» **WHAT TO DO**
Copy out the data below as written; omit any images.

» **DATASET EXCERPT**
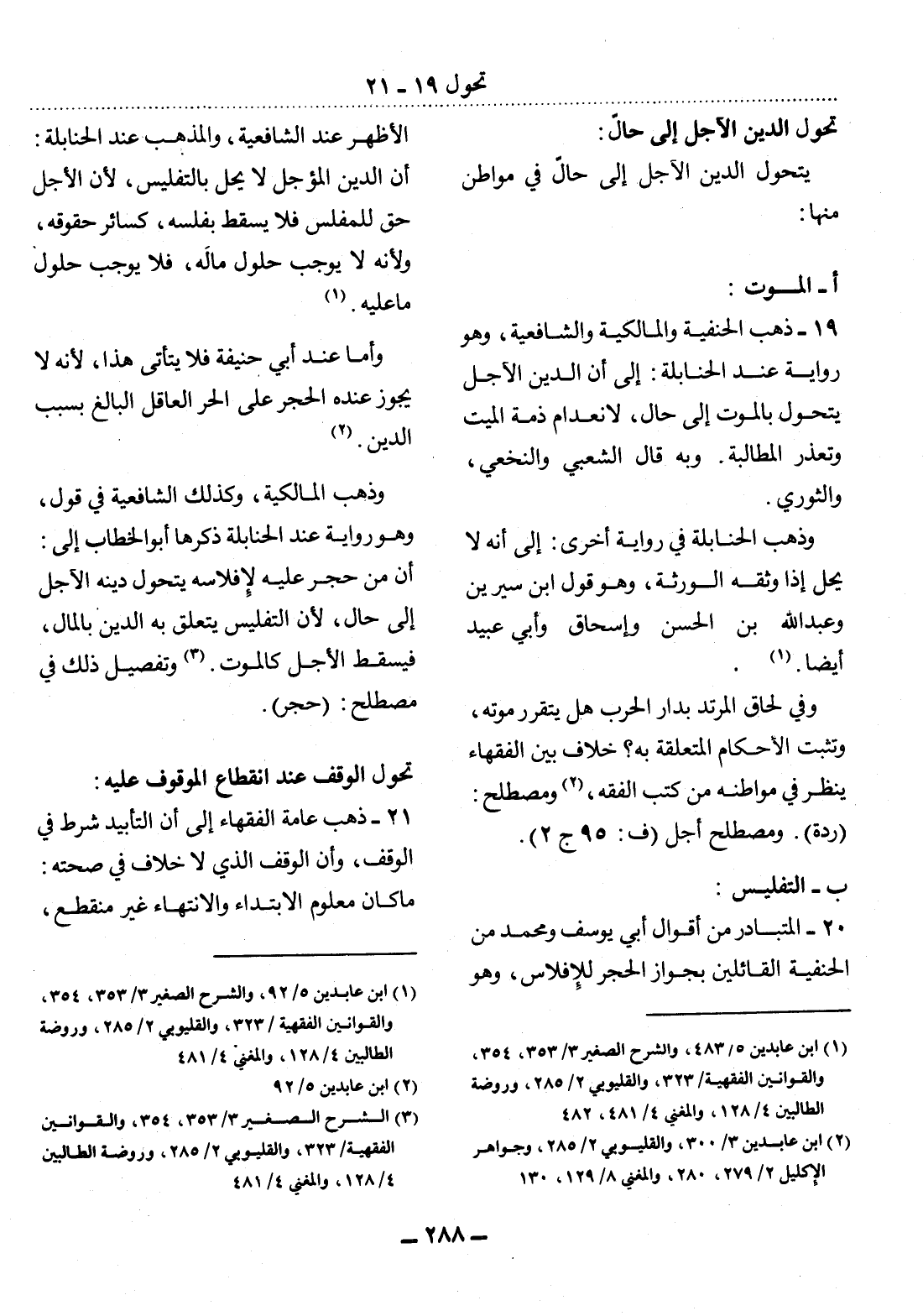 19 - ذَهَبَ الْحَنَفِيَّةُ وَالْمَالِكِيَّةُ وَالشَّافِعِيَّةُ، وَهُوَ رِوَايَةٌ عِنْدَ الْحَنَابِلَةِ: إِلَى أَنَّ الدَّيْنَ الآْجِل يَتَحَوَّل بِالْمَوْتِ إِلَى حَالٍّ، لاِنْعِدَامِ ذِمَّةِ الْمَيِّتِ وَتَعَذُّرِ الْمُطَالَبَةِ. وَبِهِ قَال الشَّعْبِيُّ وَالنَّخَعِيُّ، وَالثَّوْرِيُّ.
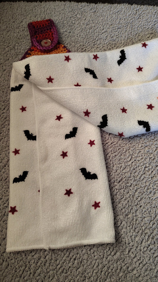 Crochet-topped Microfiber Hanging Kitchen Towel (Happy Spooky Halloween)
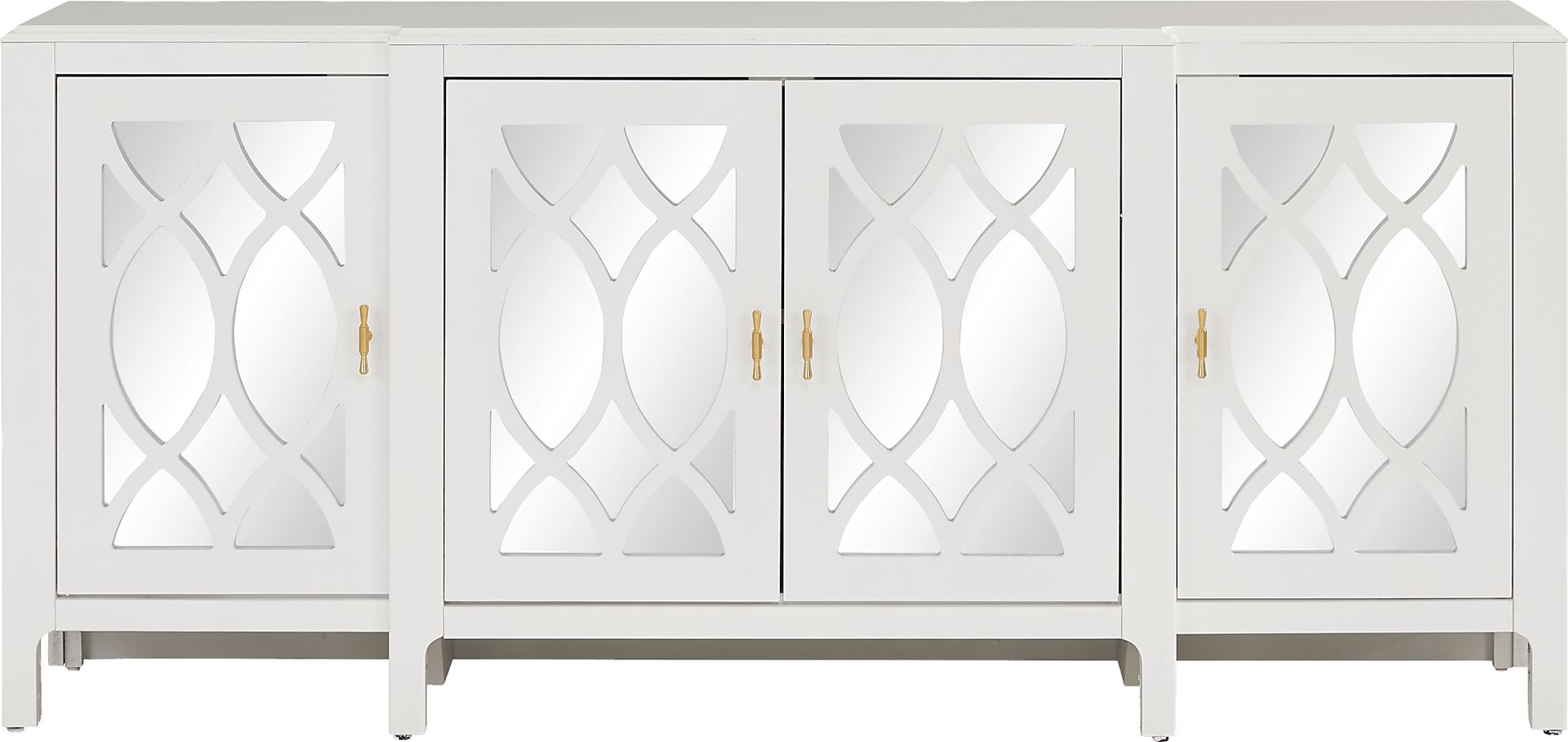 With a bold outline balanced against delicate curves, the Tameran accent cabinet radiates refined chic and a playful charm. The crisp lines of this cabinet wrap around four doors inset with mirrors, creating an expansive visual effect. Its vibrant white finish is complemented by four bright brass pulls on the doors that open to reveal shelves for storage.
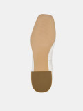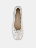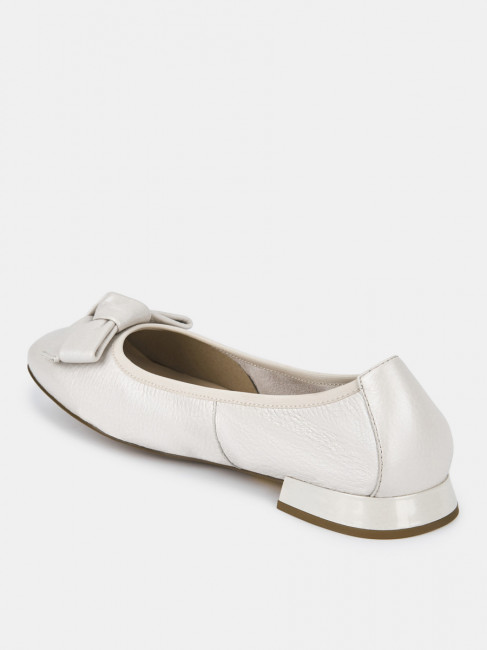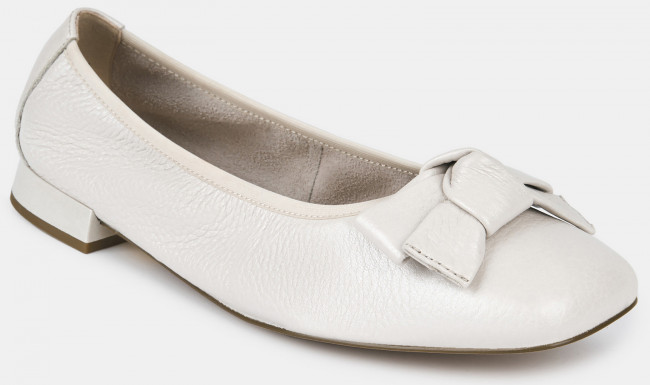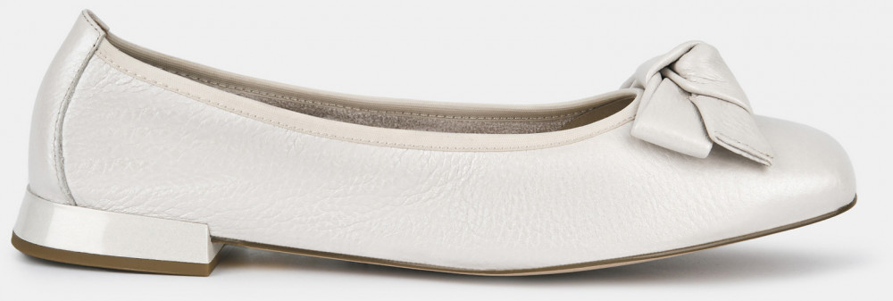 Балетки женские WEST жемчужного цвета на широкую ногу. Верх выполнен из натуральной оленьей кожи, которую отличает мягкость, прочность и эластичность. Выраженный крупнозернистый рисунок делает кожу фактурной и выразительной. Подкладки нет, поэтому балетки прекрасно садятся по ноге. Кожаная стелька дает стопам дышать. Подошва из прочного полимерного материала дополнена небольшим расклешенным каблуком. Глянцевая поверхность каблука подчеркивает фактурность кожи. Квадратная форма носка в тренде, носите белые балетки с джинсами, элегантными брюками и офисными платьями.

» **RESPONSE FOR THIS EXERCISE**
 19 - ذَهَبَ الْحَنَفِيَّةُ وَالْمَالِكِيَّةُ وَالشَّافِعِيَّةُ، وَهُوَ رِوَايَةٌ عِنْدَ الْحَنَابِلَةِ: إِلَى أَنَّ الدَّيْنَ الآْجِل يَتَحَوَّل بِالْمَوْتِ إِلَى حَالٍّ، لاِنْعِدَامِ ذِمَّةِ الْمَيِّتِ وَتَعَذُّرِ الْمُطَالَبَةِ. وَبِهِ قَال الشَّعْبِيُّ وَالنَّخَعِيُّ، وَالثَّوْرِيُّ.
 Crochet-topped Microfiber Hanging Kitchen Towel (Happy Spooky Halloween)
 With a bold outline balanced against delicate curves, the Tameran accent cabinet radiates refined chic and a playful charm. The crisp lines of this cabinet wrap around four doors inset with mirrors, creating an expansive visual effect. Its vibrant white finish is complemented by four bright brass pulls on the doors that open to reveal shelves for storage.
 Балетки женские WEST жемчужного цвета на широкую ногу. Верх выполнен из натуральной оленьей кожи, которую отличает мягкость, прочность и эластичность. Выраженный крупнозернистый рисунок делает кожу фактурной и выразительной. Подкладки нет, поэтому балетки прекрасно садятся по ноге. Кожаная стелька дает стопам дышать. Подошва из прочного полимерного материала дополнена небольшим расклешенным каблуком. Глянцевая поверхность каблука подчеркивает фактурность кожи. Квадратная форма носка в тренде, носите белые балетки с джинсами, элегантными брюками и офисными платьями.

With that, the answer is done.